Lean, Green Money Machine
Tatler Hong Kong|May 2022
Putting your money to good use and seeing returns—investing within an ESG framework has never been more popular, but careful planning is required to identify issues like greenwashing
Lauren James
Lean, Green Money Machine

Participating in a beach clean-up, going vegan and turning off lights when you leave a room all help the environment, but few things put your money where your mouth is like investing in sustainable businesses.
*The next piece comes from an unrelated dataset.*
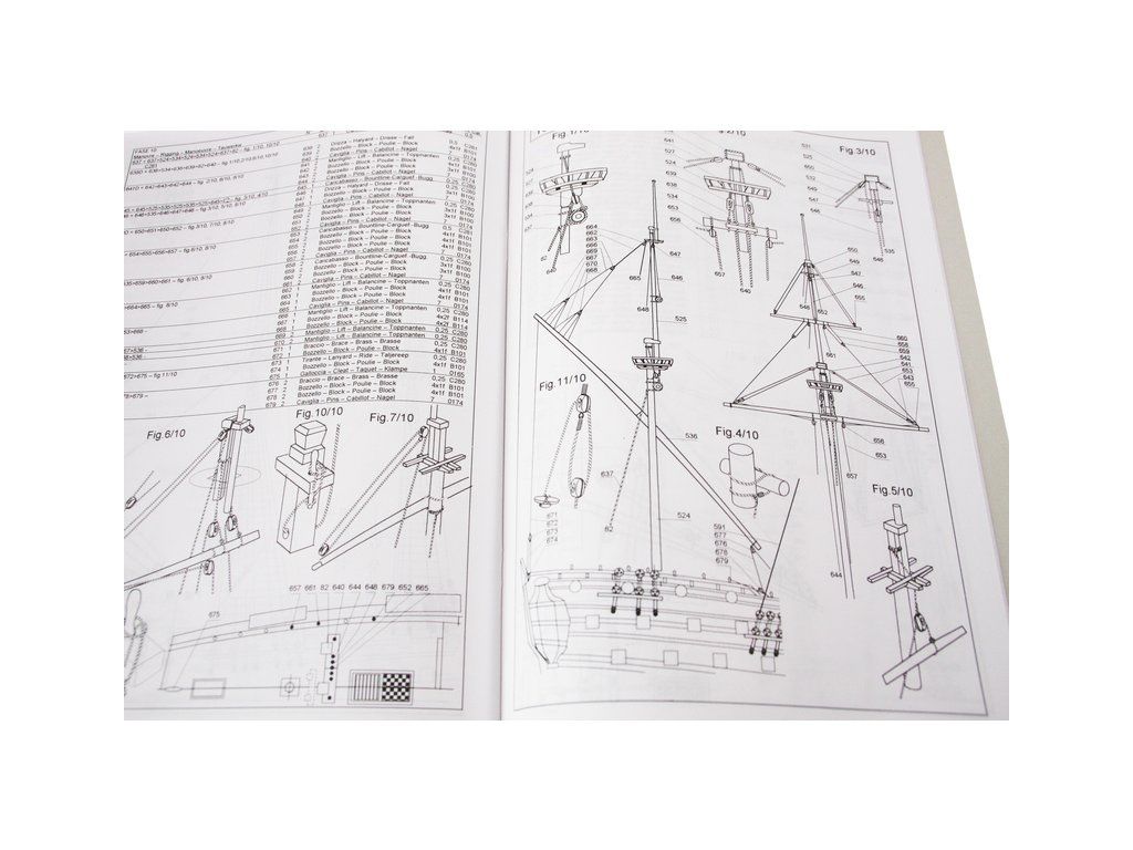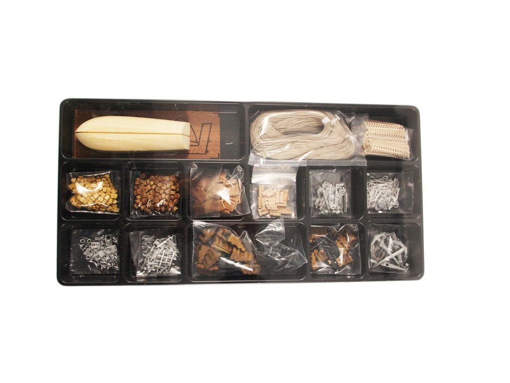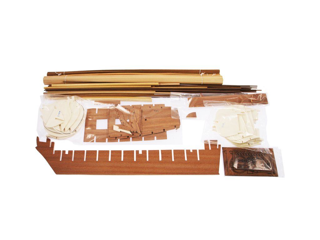 Balení obsahuje sadu překližkových dílů, sadu dřevěných lišt o různém průřezu, blistr s drobnými díly, díly z mosazi, sadu výkresů a vícejazyčný manuál.
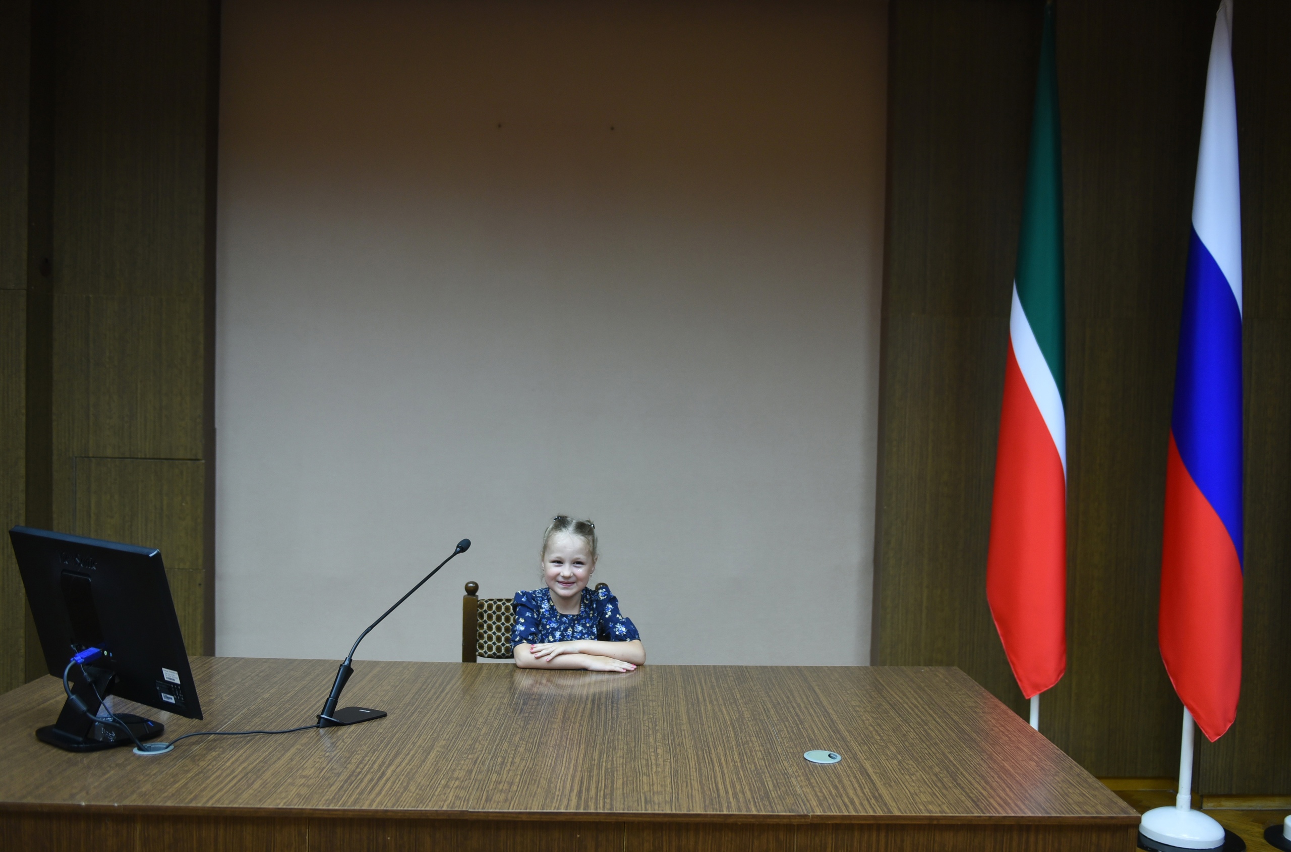В завершении экскурсии юные челнинцы сделали индивидуальные фотографии, посидев на кресле мэра.

ESG (environmental, social and governance) investing has become one of the dominant trends in finance in recent years, as it allows investors to align their ethics with financial gain—two concepts that can be antithetical.

However, ESG isn’t just about feeling virtuous when you go to sleep at night: as a set of criteria, it is one of the best routes to obtaining long-term rewards, as climate change becomes an ever more crucial consideration for businesses around the world.

“ESG became even more important through the pandemic,” says Jenn-Hui Tan, global head of stewardship and sustainable investing at investment firm Fidelity International. “If you’re not considering ESG factors, on quite a basic level you’re failing to consider the risks, [which] can lead to missed opportunities.” From electric vehicles to alternative protein to decarbonisation, portfolios that integrate ESG considerations mitigate risk and place investors in a better position to capture upside—a rise in value.

Ethical strategies date back to the 1960s, when investors would exclude companies and industries that they didn’t agree with, though the term “ESG” was only coined in 2004. The sector has since grown exponentially. Sustainable investment in the major financial markets globally was worth US$35.3 trillion and represented 36 per cent of all professionally managed assets across North America, Australasia and Europe, marking a 15 per cent growth from 2018 to 2020, a report by the Global Sustainable Investment Alliance showed last year.